Digitising of cars will change the way traffic is routed. The UK Highways Agency is a pioneer in the adoption of big data analytics techniques to smooth the flow of traffic. The agency uses a service offered by a company called INRIX. Cars fitted with an INRIX satnav, supplemented with smartphones running an app, gives INRIX a near-perfect picture of traffic flow as it moves around the country. Within a 15-second window, it is possible to see which roads are clogged and which are running smoothly. Thus when a driver asks for the quickest way from A to B, they can be given the optimum route.
Only it’s far cleverer than that. The INRIX system incorporates more than 100 other sources of data into the equation. Event listings are factored in. If Leicester City have a Champions League game against Barcelona at home on a Wednesday night, the system will anticipate the flood of traffic exiting the King Power stadium at 10pm. Weather reports, emergency services data, construction works and even Twitter chatter is included. If “M11” and “oil spill” flash up on Twitter, the system will know what’s going on.
The power of this sort of technology prompted Google to splash a billion dollars on Waze, an Israeli traffic-mapping service. Now other industries are piggy-backing on traffic mapping. The advertising market, for example, relies on counting “eyeballs” passing each street billboard. How to calculate this? The solution is to use traffic apps to see vehicle movements in real time. Thus, billboard owners can charge for each car that passes.
Rio de Janeiro in Brazil is using data from Waze to adjust public transport routes. The technology means it can understand journey planning in a way which old-fashioned car counting never could. And we are seeing estate agents use true-life journey times to market houses. It is more helpful to say a property is 20 minutes away from a train station than 12 miles. Traffic data can ensure the claim is accurate.
The automotive sector has vast revenues – global sales hit $3.3 trillion in 2014, according to consultancy Oliver Wyman – and relentless pressure to innovate. These dynamics will ensure it leads the digital world. New entrants may push the industry even further. Apple is rumoured to be launching an electric car. Tesla founder Elon Musk says it’s an “open secret”, adding: “It’s pretty hard to hide something if you hire over a thousand engineers to do it.”
Digital engineers in all sectors will be closely watching the automotive industry for many years to come.
HITTING BACK AT THE CAR HACKERS
A clever bit of investigative journalism by WIRED magazine in 2015 triggered mass panic in the car sector. WIRED’s Andy Greenberg agreed to drive a Jeep Cherokee in downtown St Louis, while two security researchers, Chris Valasek and Charlie Miller, tried to seize remote control of the vehicle via its internet connection.
Mid-journey, Mr Greenberg lost control of the car. “I spun the control knob left and hit the power button, to no avail,” he wrote. “Then the windshield wipers turned on and wiper fluid blurred the glass.” Soon the hackers cut the power to bring the car to a halt. “The experiment had ceased to be fun.”

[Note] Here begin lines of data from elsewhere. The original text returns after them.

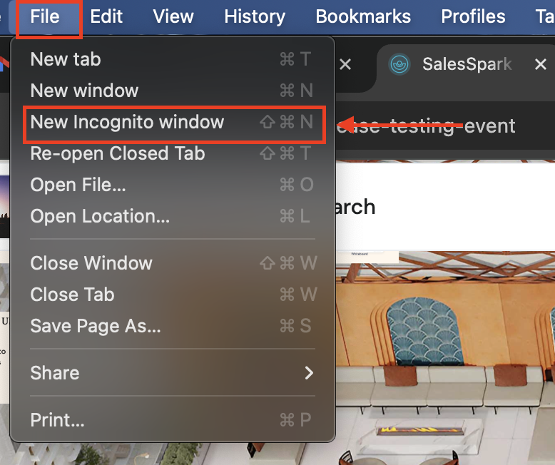 1. Incognito/ Private Window on Chrome and Safari: Click 'File', and then 'New Incognito/Private Window'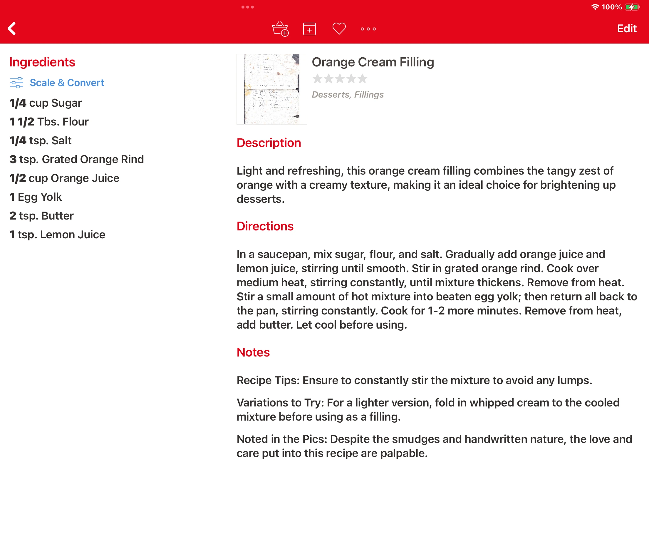 What the family really needs is both a great facsimile of the original paper recipe (high resolution, correct orientation, zoomable), and a fully-digital recipe with all the goodies that apps like Paprika and Recipe Keeper give you—ingredient scaling, store lists, easy sharing, and so on.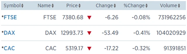 Regionální index STOXX Europe 600 odepsal 0,29 % na 383,8 bodu, za celý týden pak přišel o 1,26 %. Britský FTSE 100 klesl o 0,08 % na 7 380,68 bodu (za celý týden -0,67 %), francouzský CAC 40 ztratil 0,32 % na 5 319,17 bodu (za celý týden -1,14 %) a německý DAX spadl o 0,41 % na 12 993,73 bodu (za celý týden -1,02 %).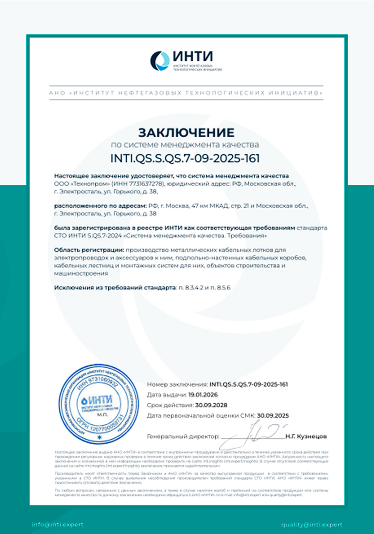 Компания ООО «Технопром» зарегистрирована в реестре ИНТИ как соответствующая требованиям стандарта СТО ИНТИ S.QS.7-2024 «Система менеджмента качества. Требования». Номер заключения по системе мендежмента качества INTI.QS.S.QS.7-09-2025-161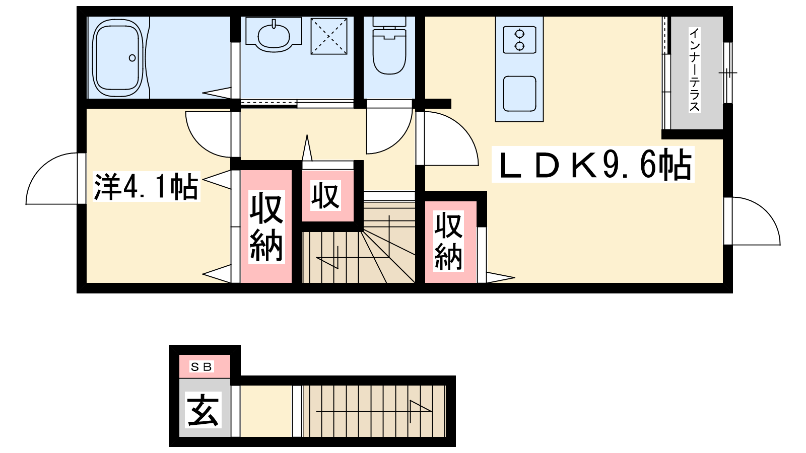 - LDK9.6帖、洋室4.1帖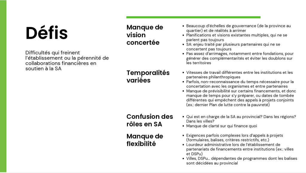 - Des barrières systémiques freinent cependant la collaboration: silos entre les partenaires (ministères, services institutionnels, secteur philanthropique), multiplication des planifications à différentes échelles, cultures organisationnelles variées entre les types de partenaires, qui peuvent compliquer les processus d’arrimage, la communication, et le partage de données.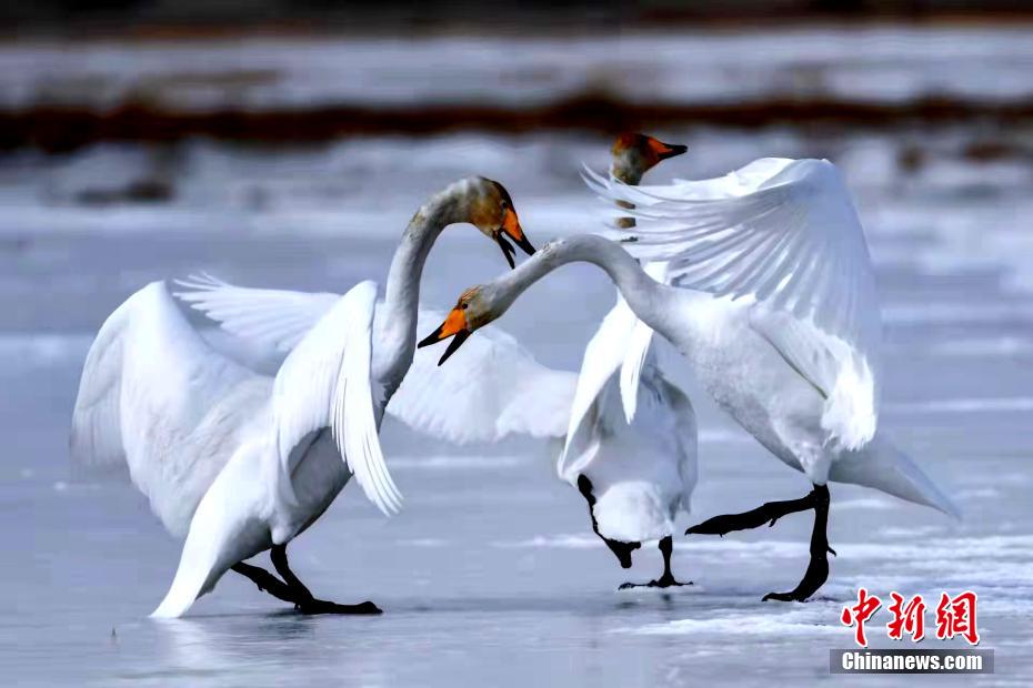 仲冬時節(jié),享有“天下黃河貴德清”美譽(yù)的青海省海南州貴德縣迎來數(shù)十只天鵝“做客”。一群天鵝或在湖面嬉戲,或在水中覓食,在藍(lán)天碧水的映襯下呈現(xiàn)出一幅美景,為冬日的黃河岸畔增添了盎然生機(jī)。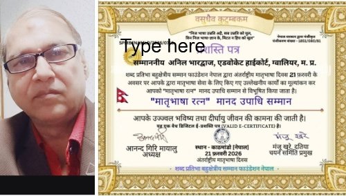 - गीतकार अनिल भारद्वाज नेपाल संस्था द्वारा मातृभाषा रत्न उपाधि से हुए सम्मानित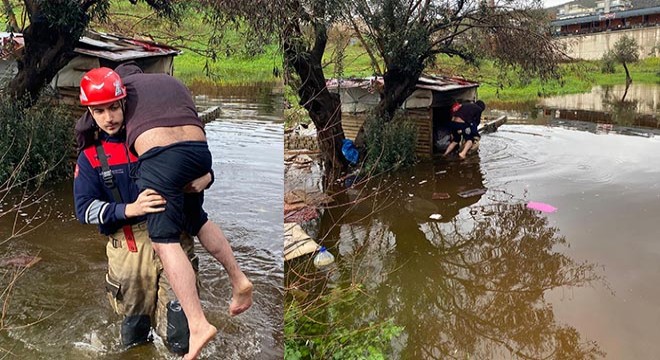 İZMİR'in Karşıyaka ilçesi Örnekköy Mahallesi’nde etkili olan sağanak yağış nedeniyle su seviyesinin yükseldiği boş arazideki barakada mahsur kalan D.D. (56), itfaiye ekiplerince kurtarıldı. İzmir İtfaiyesi’nde görevli Alper Aksular, D.D.'yi sırtında taşıyarak sudan çıkardı.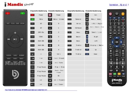 Ein Dokument ist enthalten, um die Verwendung der neuen Fernbedienung zu erleichtern, indem es die Tastenbelegung zeigt.

The industry was also unamused. The hack triggered deep musings on the future of the industry. What does it mean when a malefactor with a laptop can seize control of a car, potentially turning it into a guided missile?
US defence agency DARPA has demonstrated precisely how it can weaponise hacked cars. So far there has been no real-world hacking. Solutions to hacking may include frequent over-the-air security updates, bank-level encryption and manual overrides. Until the industry proves it can deliver security from hackers, the digital transformation of the industry could be put on hold.